→ YOUR INSTRUCTIONS
Print the lines in the listing below starting at the line with "Quick attack king" and ending at the line with "Aber unsere Freunde", both included. Reproduce them exactly and omit every picture.

→ PROVIDED INFORMATION
═══
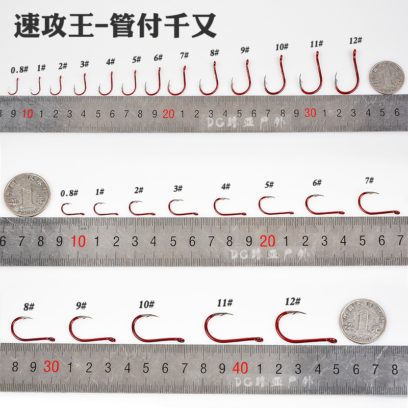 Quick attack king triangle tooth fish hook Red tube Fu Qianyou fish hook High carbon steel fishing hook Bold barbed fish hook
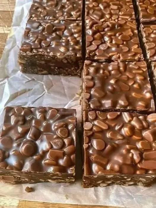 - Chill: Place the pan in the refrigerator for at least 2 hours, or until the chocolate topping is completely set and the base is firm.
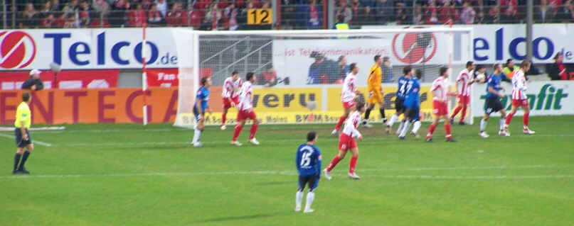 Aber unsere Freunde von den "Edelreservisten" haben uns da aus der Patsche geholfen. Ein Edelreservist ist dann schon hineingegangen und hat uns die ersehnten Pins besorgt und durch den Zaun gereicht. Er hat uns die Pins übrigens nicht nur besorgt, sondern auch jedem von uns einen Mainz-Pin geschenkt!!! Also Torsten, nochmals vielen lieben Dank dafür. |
═══
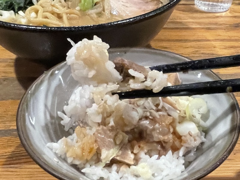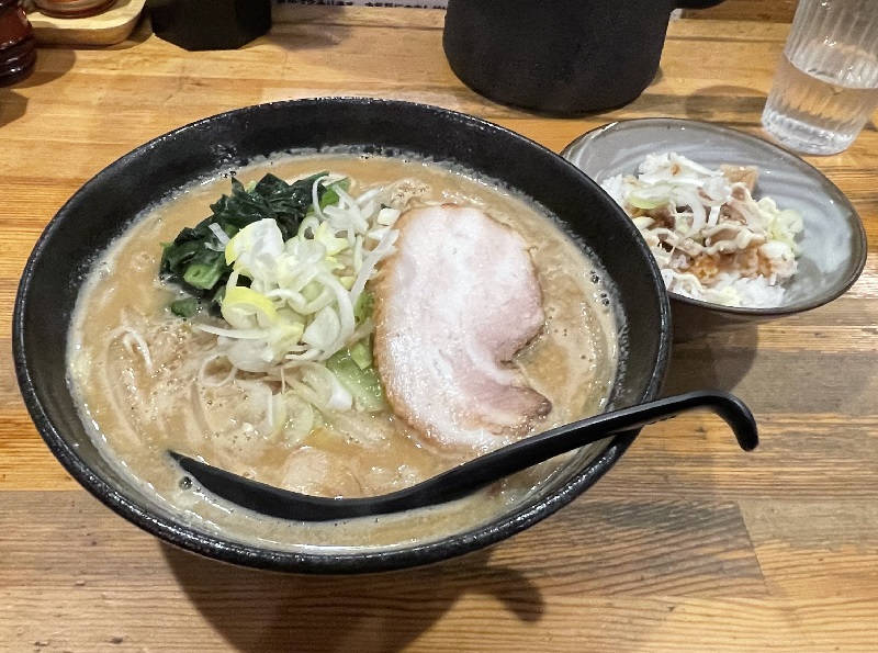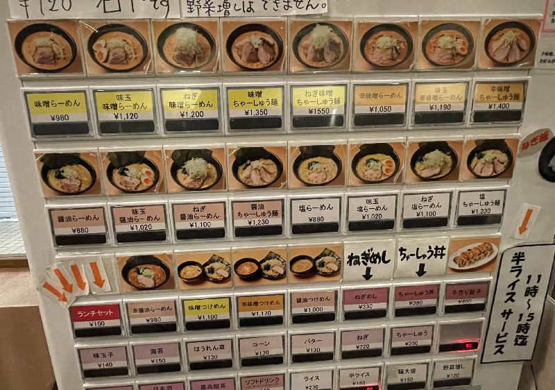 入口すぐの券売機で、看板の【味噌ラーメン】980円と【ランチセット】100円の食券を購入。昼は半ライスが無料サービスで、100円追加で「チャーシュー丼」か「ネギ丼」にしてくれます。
═══
→ OUTPUT OF THE TASK
 Quick attack king triangle tooth fish hook Red tube Fu Qianyou fish hook High carbon steel fishing hook Bold barbed fish hook
 - Chill: Place the pan in the refrigerator for at least 2 hours, or until the chocolate topping is completely set and the base is firm.
 Aber unsere Freunde von den "Edelreservisten" haben uns da aus der Patsche geholfen. Ein Edelreservist ist dann schon hineingegangen und hat uns die ersehnten Pins besorgt und durch den Zaun gereicht. Er hat uns die Pins übrigens nicht nur besorgt, sondern auch jedem von uns einen Mainz-Pin geschenkt!!! Also Torsten, nochmals vielen lieben Dank dafür. |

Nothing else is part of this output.